Ieri, infatti, si è aperta una settimana densa di appuntamenti, con ben 11 banche centrali chiamate a discutere sulla politica monetaria. Le attenzioni sono rivolte in particolare alla Federal Reserve, che dovrebbe alzare i tassi di interesse Usa per la seconda volta quest’anno. Lo ricordano, ad esempio, gli strategist di IG, puntualizzando che «il vero obiettivo del mercato è capire lo scenario sul terzo aumento del costo del denaro previsto per la fine dell’anno, su cui gli investitori sono apparsi abbastanza cauti dopo le recenti figure macro non entusiasmanti». A fornire qualche dettaglio saranno le nuove stime su inflazione e Pil che la Fed rilascerà insieme al comunicato. Ma oltre alla Banca centrale Usa, ci saranno anche le riunioni di Bank of England e Bank of Japan in settimana. Sempre per gli esperti di IG interpellati da Cnbc, «l’incertezza determinatasi all’indomani del voto nel Regno Unito potrebbe spingere la BoE a rimanere ancora cauta, senza penalizzare troppo la sterlina. Le nuove vendite sulla divisa britannica alimentano i dubbi su un’accelerazione dei prezzi al consumi. Per quanto riguarda il Giappone, invece, la Banca centrale potrebbe segnalare di essere pronta a rivedere la sua politica dopo i dati migliori delle attese appena registrati». Basta poco, un errore di comunicazione e mercati in bolla come quelli che stiamo vivendo in questo periodo, possono tramutarsi da docili pony da rally continuo in stalloni imbizzarriti. A quel punto, Mario Draghi certamente opererà da scudo, ma se qualche mattone comincia a cascare dal muro, nessuno sa cosa possa passare dalla crepa creatasi.

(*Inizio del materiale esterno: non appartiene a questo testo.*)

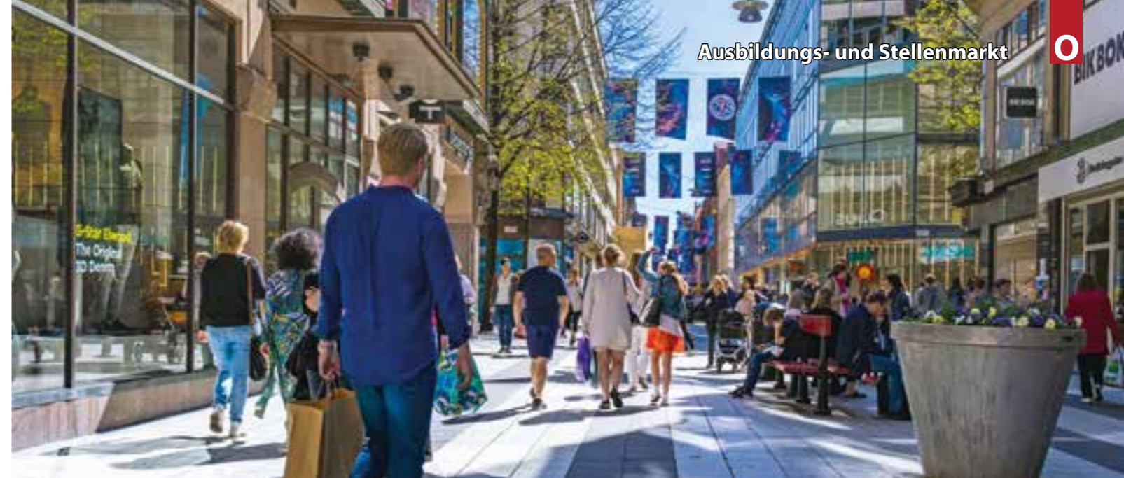
Zeit für eine neue Herausforderung: Seit Beginn der Öffnungen suchen unter anderem Einzelhandel und Gastronomie händeringend nach Personal.

Siamo sicuri che il pantano di entusiasmo da bipolarismo ritrovato sia il terreno ideale per muoversi in modalità di emergenza? Di fatto, il governo sta andando con il pilota automatico in tema economico, visto che ogni emissione decisa dalla Cannata si traduce in un successo da record grazie alla fame onnivora della Bce, acquirente di prima e ultima istanza. Un shock, però, può sempre capitare. E Grillo lo ha capito, smarcandosi da furbo quale è. Matteo Renzi, invece, ingolosito dalla debacle grillina, potrebbe essere tentato da un voto a novembre in abbinata con le regionali siciliane, in pieno clima Def. Quella potrebbe essere la famosa breccia nel muro difensivo che Draghi garantisce all’Italia. Il voto di giovedì sullo ius soli ci farà capire rapporti di forza e realtà delle alleanze: dopodiché, noi ci perderemo in dispute nominalistiche sulla legge elettorale. Il mercato, invece, agirà.